Con estos puentes de diez metros de longitud aproximadamente, se mejorará el transporte tanto de vehículos livianos como pesados. Este es un aporte para la vía Selva Alegre-Quinindé, que servirá para el desarrollo de las comunidades de la zona y del país.

“Durante esta semana vamos a hacer un proceso de socialización del proyecto. Nosotros queremos generar un impacto y un desarrollo en la zona importante, que cumpla con las directrices del Gobierno; que en las zonas donde se hacen proyectos estratégicos se genere un desarrollo integral”, explicó Santiago Díaz, jefe de la Unidad Social y Ambiental de la Celec -Norte.

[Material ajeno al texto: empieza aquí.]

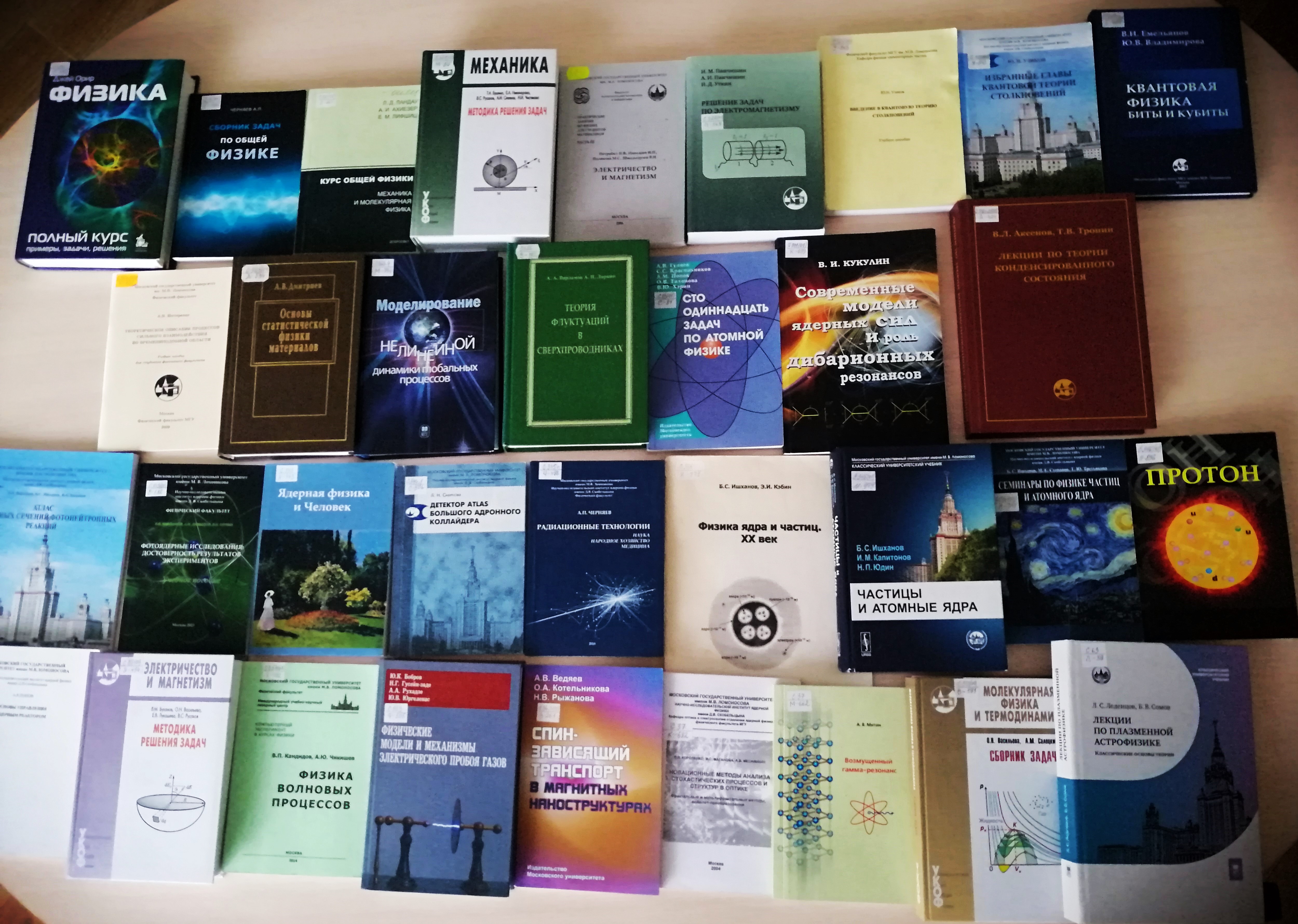 Topics of presented books are various and include educational, scientific books on physics, mathematics, chemistry; monographs, selected works, lectures, including those written by JINR employees (Nikolay Bogolyubov, Viktor Aksenov, Yuri Uzikov, Alexander Nesterenko, Viktor Zlokazov, etc.), collections about outstanding scientists, reference and encyclopedic literature.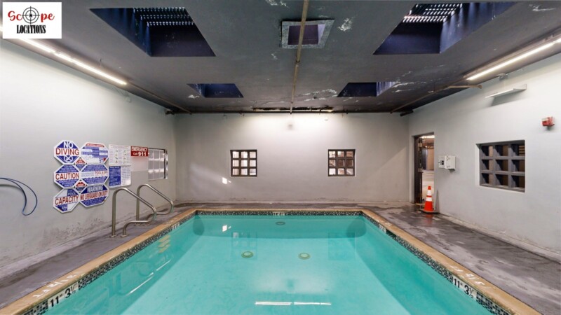 Indoor Pool: Conveniently located off the parking garage, ideal for dynamic water scenes.

Estos puentes son parte del Plan de Desarrollo así como la implementación más adelante de un centro de salud, un UPC, alcantarillado y agua potable. Para realizarlo Celec invertirá $ 5,5 millones.

“Hemos hecho una planificación desde marzo de este año de obras complementarias del manejo ambiental que durará los 38 meses pero la gran mayoría de obras terminarán el primer año y hay un proceso de sostenibilidad y requerimientos básico”, explicó Díaz.

Enfatizó que las obras llegarán a seis mil personas directamente y 14 mil en Pichincha, porque la ruta conecta varios pueblos y se enlaza al norte con Otavalo y al sur con Nanegalito.